1935-й оказался знаменательным годом. У Даниэля сохранилось о нем множество воспоминаний, потому что в тот год многое изменилось в жизни его семьи. У него родилась сестра Гизела, а мама, вернувшись из больницы для евреев, три дня плакала о том, как неудачно она выбрала время, чтобы принести в этот мир новую жизнь.

Даниэль хорошо запомнил и следующие годы – 1936-й и 1937-й. Все пребывали либо в тоске, либо в страхе. Даниэлю не разрешалось выходить из дому одному, и хотя родители позволяли ему приглашать домой друзей, это было не так весело, как играть на улице. Даниэлю казалось, что на улице ничего такого страшного с ним не случится, и в 1937 году он дважды тайком сбегал из детского сада.

В первый раз он сел на трамвай, идущий в центр города, и слез на кипящей жизнью Каролиненштрассе. Он не был там уже бог знает сколько времени, и ему не терпелось узнать, как выглядит магазин его отца теперь, когда его отобрали нацисты. Оказалось, что магазин выглядит в точности, как и раньше, если не считать вывески над главным входом, где вместо «ЗИЛЬБЕРШТЕЙН» красовалось «ФРАНКЕ», а рядом была надпись, гласившая: «JUDEN UNERWUNSCHT» [1].

Во второй раз он сбежал, когда Адольф Гитлер приехал в Нюрнберг на партийный съезд. Все знали, что Гитлер будет держать речь на огромном стадионе, который нацисты построили неподалеку от их дома на Гюнтерштрассе, уничтожив ради этого большой старинный парк. Даниэль знал, что родители страшно рассердятся на него, если узнают, но ему очень хотелось своими глазами увидеть нациста номер один.

Ему так и не довелось увидеть Гитлера, зато он увидел множество других нацистов, мужчин и мальчиков в коричневых и черных мундирах. Они маршировали и пели, несли знамена и штандарты. Даниэль встал на цыпочки и вытянул шею, чтобы лучше видеть. Стоявшая рядом с ним полная блондинка в зеленой фетровой шляпе с пером подхватила его под мышки и подняла в воздух.
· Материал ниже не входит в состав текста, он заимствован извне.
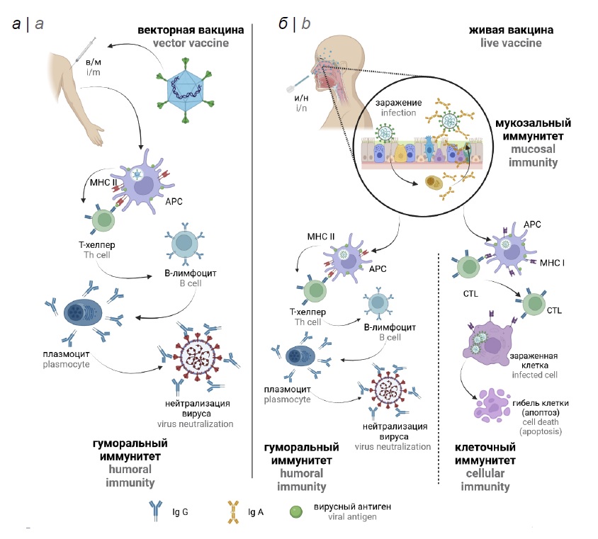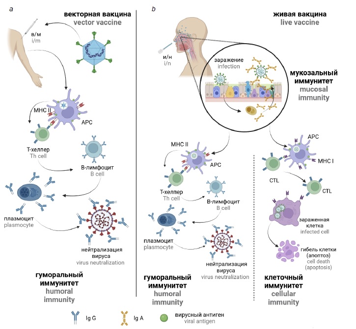 Fig. 2. Mechanisms of induction of an immune response by the intramuscular immunization vaccine containing the S protein and by intranasal vaccination of LAV. a — vaccines against COVID-19, which are based on the S protein of SARS-CoV-2 (using the example of the viral vector vaccine), induce only a humoral response involving production of virus-neutralizing antibodies; b — LAV triggers the mechanisms inducing acquired immunity, which are similar to those engaged in natural infection, including activation not only humoral, but also cell-mediated immunity. In intranasal administration, the vaccine strain infects epithelial cells of the upper respiratory tract, thus inducing both local (mucosal) and systemic immune responses. The established protection including cellular and humoral components provides immunity both at the level of the entrance gate of the infection (mucosa) and at the systemic level. i/m — intramuscular injection; i/n — intranasal; APC — antigen-presenting cell; CTL — cytotoxic lymphocyte; MHC — major histocompatibility complex.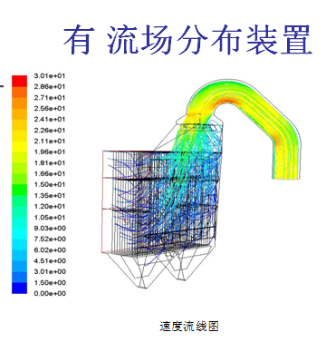 進氣口氣流能否均勻的進入電場,對電除塵器的收塵效果影響很大,針對這種情況,我公司和西安建筑科技大學(xué)環(huán)保所進行合作,采用最先進的集成軟件系統(tǒng),根據(jù)電除塵器的進氣口和進風(fēng)管道的布置方式及尺寸、工藝布置圖等,針對電除塵器的進氣流場分布進行模擬試驗,設(shè)計一套最佳的流場分布裝置,在工藝正常的情況下,使煙氣均勻通過電場,保證氣流斷面流速差小于5%。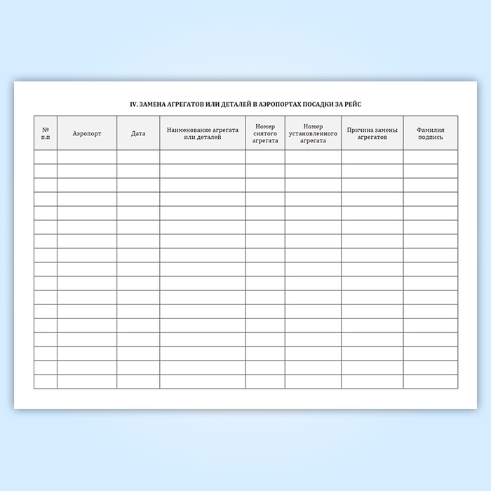 IV Замена агрегатов или деталей в аэропортах, посадки за рейс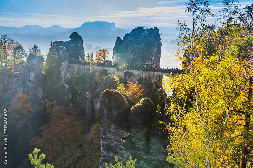 The Bastei bridge, Saxon Switzerland National Park, Germany in autumn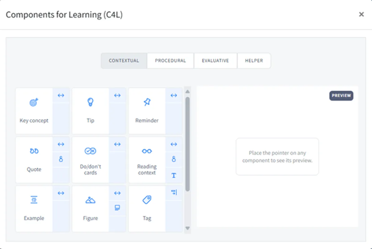 Explore the menu of components, split across four categories: Contextual, Procedural, Evaluative and Helper: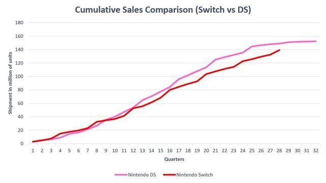 全球销量方面, Switch销量达到1.3936亿台,和DS游戏主机销量差距缩短至1400万台,即将成为全球发售量第二大游戏主机。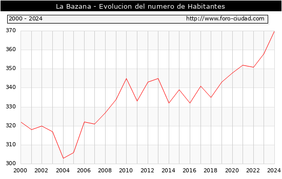 el numero de habitantes en La Bazana era de 370, 12 habitantes mas que el en el año 2023. En el grafico siguiente se puede ver cuantos habitantes tiene La Bazana a lo largo de los años.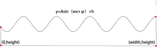 其中 A表示振幅,ω表示角頻率(ω=2π/T,T為函數的周期),φ表示初相,h表示圖像向y軸正方向平移的長度 ;(這里需要注意一下:h在數學學的本來是表示向上平移的,但在canvas中采用的是屏幕坐標系,即左上角為原點,h則表示向下平移);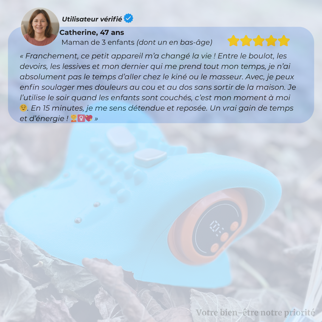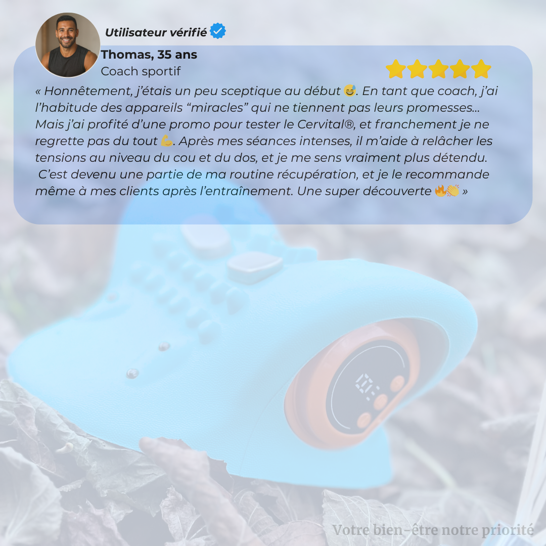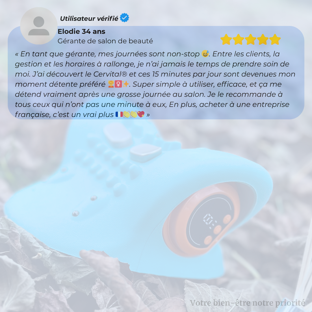 Oui. Cervital a été pensé pour relâcher naturellement les tensions accumulées dans la zone du cou grâce à sa courbure ergonomique à 26°. Beaucoup d’utilisateurs décrivent une sensation de légèreté et de détente dès les premières minutes d’utilisation. Un vrai moment de relaxation à domicile.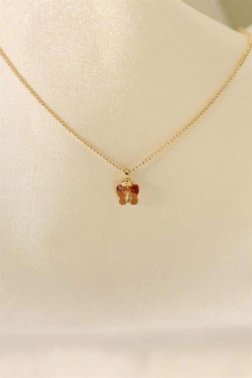 Zirkon Taşlı Mercan Renk Minimal Kelebek Kolye

– Смотри, мальчик, смотри! – воскликнула она. – Вон там наш фюрер! Видишь?

Но Даниэль разглядел только фрейлейн Краусс из отцовского магазина. Она стояла на скамейке между двумя мужчинами и махала одной рукой как безумная, а другой прижимала к груди портрет фюрера. Восторженные слезы текли по ее лицу, красный от помады рот был распялен в истерическом вопле «Хайль Гитлер!».

Фрейлейн Краусс напугала его больше, чем все остальные нацисты, вместе взятые. Он начал брыкаться, высвобождаясь из рук толстой блондинки, причем нечаянно лягнул ее в живот. Она возмущенно ахнула от неожиданности, а он со всех ног побежал домой, совершенно позабыв, что ему полагается быть в детском саду и что теперь ему непременно попадет. Он думал только об одном: как бы поскорее оказаться в безопасности, под защитой большого дома на Гюнтерштрассе.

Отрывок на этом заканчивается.